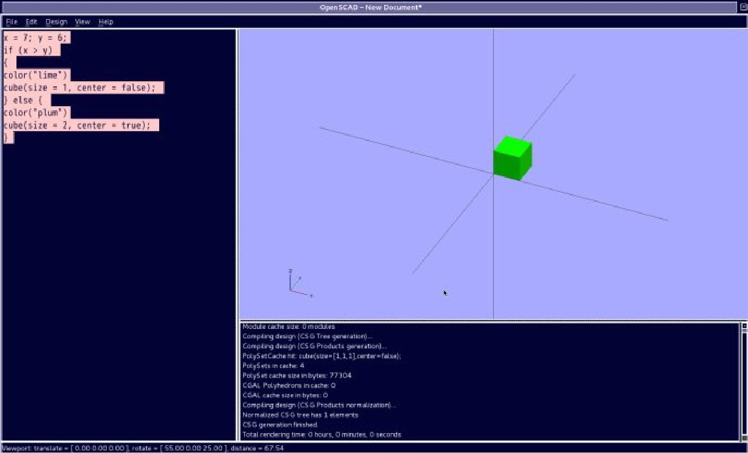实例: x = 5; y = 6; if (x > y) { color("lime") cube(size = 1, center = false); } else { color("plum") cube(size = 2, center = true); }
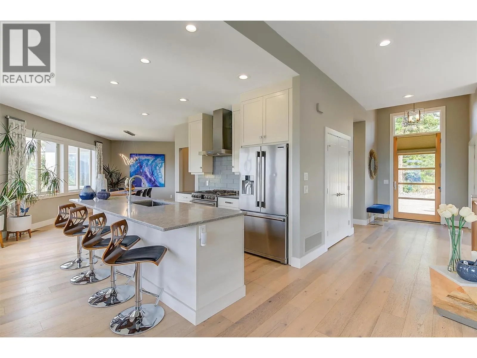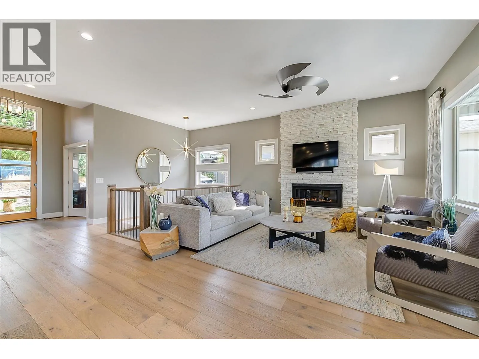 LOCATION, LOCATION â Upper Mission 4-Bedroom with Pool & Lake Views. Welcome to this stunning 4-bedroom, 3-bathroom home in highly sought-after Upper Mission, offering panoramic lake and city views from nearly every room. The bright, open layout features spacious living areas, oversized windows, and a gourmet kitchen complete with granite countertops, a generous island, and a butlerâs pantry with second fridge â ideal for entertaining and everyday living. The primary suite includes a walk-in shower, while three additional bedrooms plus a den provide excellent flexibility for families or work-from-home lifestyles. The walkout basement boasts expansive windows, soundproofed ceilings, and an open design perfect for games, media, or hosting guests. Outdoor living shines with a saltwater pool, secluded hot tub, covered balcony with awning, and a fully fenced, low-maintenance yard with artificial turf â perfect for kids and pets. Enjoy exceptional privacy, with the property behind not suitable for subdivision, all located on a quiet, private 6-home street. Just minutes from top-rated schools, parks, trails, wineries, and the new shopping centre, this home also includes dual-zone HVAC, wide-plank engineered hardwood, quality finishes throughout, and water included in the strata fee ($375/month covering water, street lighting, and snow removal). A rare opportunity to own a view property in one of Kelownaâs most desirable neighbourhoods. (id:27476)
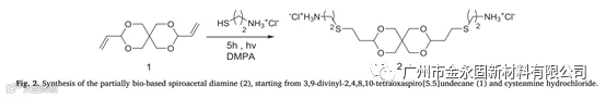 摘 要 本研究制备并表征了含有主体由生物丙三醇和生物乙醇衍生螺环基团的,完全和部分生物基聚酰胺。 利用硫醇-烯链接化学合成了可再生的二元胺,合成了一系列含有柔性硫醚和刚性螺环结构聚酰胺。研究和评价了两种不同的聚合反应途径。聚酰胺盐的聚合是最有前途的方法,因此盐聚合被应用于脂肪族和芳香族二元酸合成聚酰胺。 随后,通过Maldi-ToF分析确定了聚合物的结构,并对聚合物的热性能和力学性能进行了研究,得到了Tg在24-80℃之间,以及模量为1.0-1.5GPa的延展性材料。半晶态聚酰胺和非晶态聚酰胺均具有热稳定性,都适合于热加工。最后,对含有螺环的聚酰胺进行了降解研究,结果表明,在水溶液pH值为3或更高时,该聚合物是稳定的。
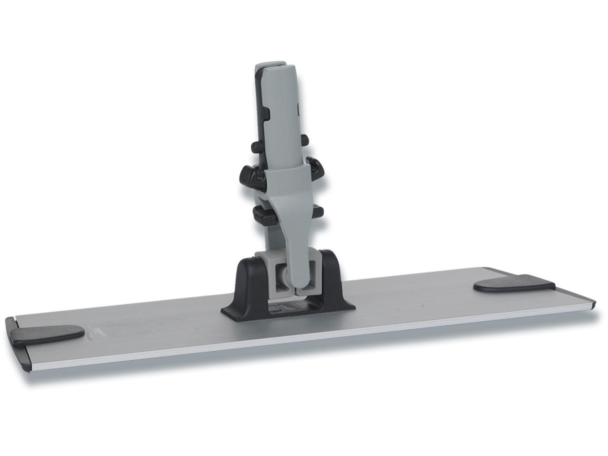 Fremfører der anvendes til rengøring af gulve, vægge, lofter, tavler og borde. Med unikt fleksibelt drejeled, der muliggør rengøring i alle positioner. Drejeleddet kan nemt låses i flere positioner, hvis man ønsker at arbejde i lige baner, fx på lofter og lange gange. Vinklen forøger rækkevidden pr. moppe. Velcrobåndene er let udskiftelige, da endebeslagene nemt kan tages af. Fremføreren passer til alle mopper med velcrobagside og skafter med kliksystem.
┄┄┄┄┄┄┄┄┄┄
- [What you need to do]
Print the whole listing again exactly, please. No pictures.

- [Answer section]
实例: x = 5; y = 6; if (x > y) { color("lime") cube(size = 1, center = false); } else { color("plum") cube(size = 2, center = true); }
 LOCATION, LOCATION â Upper Mission 4-Bedroom with Pool & Lake Views. Welcome to this stunning 4-bedroom, 3-bathroom home in highly sought-after Upper Mission, offering panoramic lake and city views from nearly every room. The bright, open layout features spacious living areas, oversized windows, and a gourmet kitchen complete with granite countertops, a generous island, and a butlerâs pantry with second fridge â ideal for entertaining and everyday living. The primary suite includes a walk-in shower, while three additional bedrooms plus a den provide excellent flexibility for families or work-from-home lifestyles. The walkout basement boasts expansive windows, soundproofed ceilings, and an open design perfect for games, media, or hosting guests. Outdoor living shines with a saltwater pool, secluded hot tub, covered balcony with awning, and a fully fenced, low-maintenance yard with artificial turf â perfect for kids and pets. Enjoy exceptional privacy, with the property behind not suitable for subdivision, all located on a quiet, private 6-home street. Just minutes from top-rated schools, parks, trails, wineries, and the new shopping centre, this home also includes dual-zone HVAC, wide-plank engineered hardwood, quality finishes throughout, and water included in the strata fee ($375/month covering water, street lighting, and snow removal). A rare opportunity to own a view property in one of Kelownaâs most desirable neighbourhoods. (id:27476)
 摘 要 本研究制备并表征了含有主体由生物丙三醇和生物乙醇衍生螺环基团的,完全和部分生物基聚酰胺。 利用硫醇-烯链接化学合成了可再生的二元胺,合成了一系列含有柔性硫醚和刚性螺环结构聚酰胺。研究和评价了两种不同的聚合反应途径。聚酰胺盐的聚合是最有前途的方法,因此盐聚合被应用于脂肪族和芳香族二元酸合成聚酰胺。 随后,通过Maldi-ToF分析确定了聚合物的结构,并对聚合物的热性能和力学性能进行了研究,得到了Tg在24-80℃之间,以及模量为1.0-1.5GPa的延展性材料。半晶态聚酰胺和非晶态聚酰胺均具有热稳定性,都适合于热加工。最后,对含有螺环的聚酰胺进行了降解研究,结果表明,在水溶液pH值为3或更高时,该聚合物是稳定的。
 Fremfører der anvendes til rengøring af gulve, vægge, lofter, tavler og borde. Med unikt fleksibelt drejeled, der muliggør rengøring i alle positioner. Drejeleddet kan nemt låses i flere positioner, hvis man ønsker at arbejde i lige baner, fx på lofter og lange gange. Vinklen forøger rækkevidden pr. moppe. Velcrobåndene er let udskiftelige, da endebeslagene nemt kan tages af. Fremføreren passer til alle mopper med velcrobagside og skafter med kliksystem.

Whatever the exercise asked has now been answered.